Ahce flinched, instinct tightening her spine, but the figure who stepped inside wasn’t a soldier or medic. He moved with too much control for that, too much contained tension. Broad-shouldered, tall, dressed in a uniform patterned with deep navy folds and silver rank lines that shimmered like starlight. He paused in the doorway as though the moment itself had weight.

His eyes found her.

Dark. Familiar.

Painfully familiar.

"Ahce..."

The way he said her name almost knocked the breath from her lungs. Not as a stranger testing a foreign syllable. Not as a commander checking a patient’s identity. It was the voice of someone who had said that name a thousand times before she ever learned to walk.

Why did it feel familiar?

Alexander Qin crossed the room in three slow steps, each one careful, almost reverent. His jaw trembled once before he caught himself, but not fast enough to hide it from her. He stood in front of her bed and exhaled like he’d been holding that same breath for centuries.

"You’re really here," he whispered. "My little sister... truly here."

Ahce didn’t know what to do with the grief and warmth clashing in his expression. His silhouette was unfamiliar, but the emotion pouring out of him wasn’t. It was raw in a way nothing else in this new world had been.

He reached out, stopping just short of touching her hand. Asking permission in silence.

She gave a tiny nod.

His fingers closed around hers with shaking gentleness. As if she were made of breath and could disappear again at the slightest pressure.

"I searched," Alexander said, voice thick. "We all did. Every one of us refused the official ruling. They said the fracture swallowed you, that your body was gone. But I never believed it. Not even once."

His free hand lifted, brushing a strand of her dark hair with careful awe.

"You still have it," he murmured. "The curls. The same eyes. You look exactly like Mother did at your age."

Ahce swallowed, throat tightening. "I don’t... I don’t remember any of that."
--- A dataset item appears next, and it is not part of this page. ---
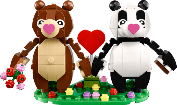 Celebrate Valentine’s Day with a buildable toy gift featuring 2 delightful, lovestruck bears with heart-shaped noses, flowers, a heart-shaped balloon and a box of chocolates. Love will be in the air wherever they are displayed! Standing over 9 cm (3 in.) tall, the 2 bears can be detached from the base and displayed independently. Their arms can be moved up and down and so can their paws. With 2 sets of building instructions, couples can build the love together. And, for added convenience, a digital version of the building instructions is available on the LEGO® Builder App.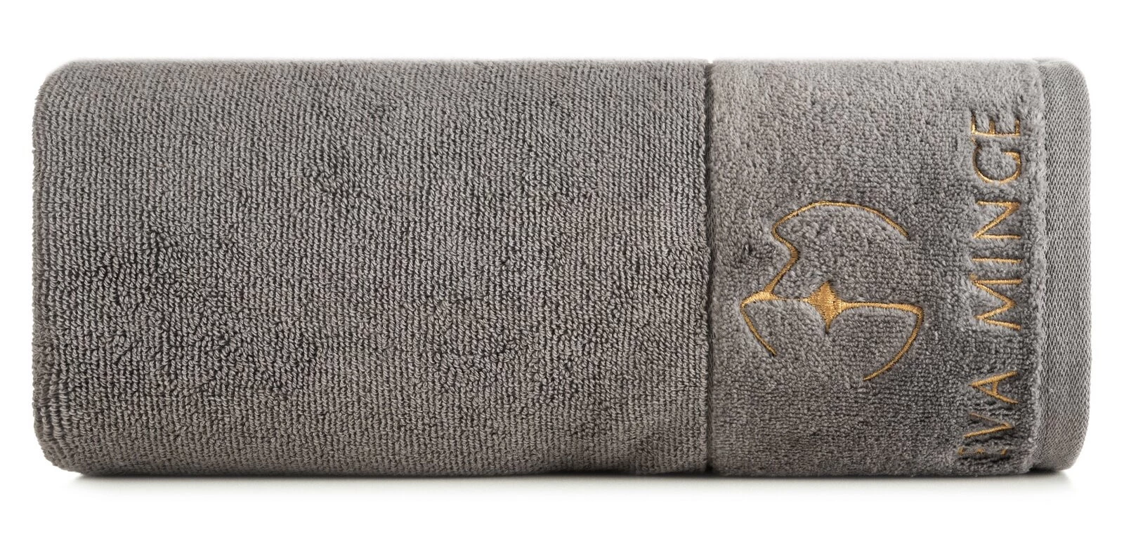 Ręcznik z welurową bordiurą zdobiony haftem szerokość: 30 cm, długość: 50 cm, kolor: srebrny, Gramatura: 550 GSM, Skład: 100% bawełna

"It’s alright." He gave her hand a small squeeze. "You’re here now. That’s enough. That’s everything."

She didn’t know why that made something inside her finally crack. Maybe because no one in a thousand years of the future seemed to understand her. But this man, this stranger who wasn’t a stranger, held her hand like he’d been carrying the ghost of her for most of his life.

Alexander drew a slow breath, gathering himself.

"There were five of us. Four boys... and one little sister." His eyes softened further. "You. Our only girl. Our miracle."

I don’t have my memories of them...

He let out a shaky laugh. "Every time you got into trouble, the four of us nearly tore down the house fighting over who was responsible for watching you. You had all of us wrapped around your finger from the moment you were born."

Ahce felt warmth pulse faintly in her chest. A history she didn’t remember... but one that remembered her.